Changemakers seeks to provide a forum in which social innovators can develop solutions to entrenched health and social problems. It uses online "open-source" collaborative competitions to generate these solutions.
Changemakers is an initiative of Ashoka: Innovators for the Public, an organization that promotes social entrepreneurship worldwide.
- In 2006–2007, the Robert Wood Johnson Foundation (RWJF) funded the three online competitions. Four judges, including a program officer at RWJF, chose 12 finalists and, from them, the three winners with the most innovative solutions. The winners each received $5,000.
- The three competitions were:
- "No Private Matter! Ending Abuse in Intimate and Family Relations." Winners were announced May 1, 2007. See Sidebar on the three winning projects.
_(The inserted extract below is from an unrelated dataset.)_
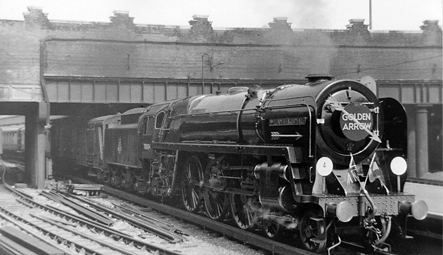 The 'Golden Arrow' leaving Victoria Station. View northward under Elizabeth Bridge towards the buffer-stops: the celebrated de-luxe (all Pullman cars) Continental Boat Train to Folkestone Harbour, which connected with the ferryboat to Calais, thence an arrival that evening in Paris at 21.40 and Monte Carlo at 05.30 the next morning - a really civilized way to travel to the French Riviera, at a premium fare. The locomotive, bedecked with headboard, Union Jack and French flag, is one devoted to the job: BR Standard 'Britannia' Class 7 4-6-2 No. 70004 'William Shakespeare'.

- "Disruptive Innovations in Health and Health Care: Solutions People Want." Winners announced August 29, 2007. For this competition, the online Changemakers community selected three winners in an "open-source" voting process. See Sidebar on the three winning projects. In November 2007, RWJF invited 11 of the 307 entrants to compete for a total of $5 million in grants.
- "Why Games Matter: A Prescription for Improving Health and Health Care" The winners were announced November 8, 2007.) For this competition, the online Changemakers community selected three winners in an "open-source" voting process. See Sidebar on the three winning projects.
Afterward: RWJF has supported three additional online open source competitions run by Ashoka:
- To help young men at risk reach their greatest potential; a $240,000 grant from November 2007 to July 2008.
- To create a new financial market for social entrepreneurs focusing on health and health care in the U.S.; a $1,540,175 grant from August 2005 to August 2009 (ID# 052599).
- To advance social change goals—2008–2010; a $2,588,125 grant from August 2008 to April 2011 (ID# 063695).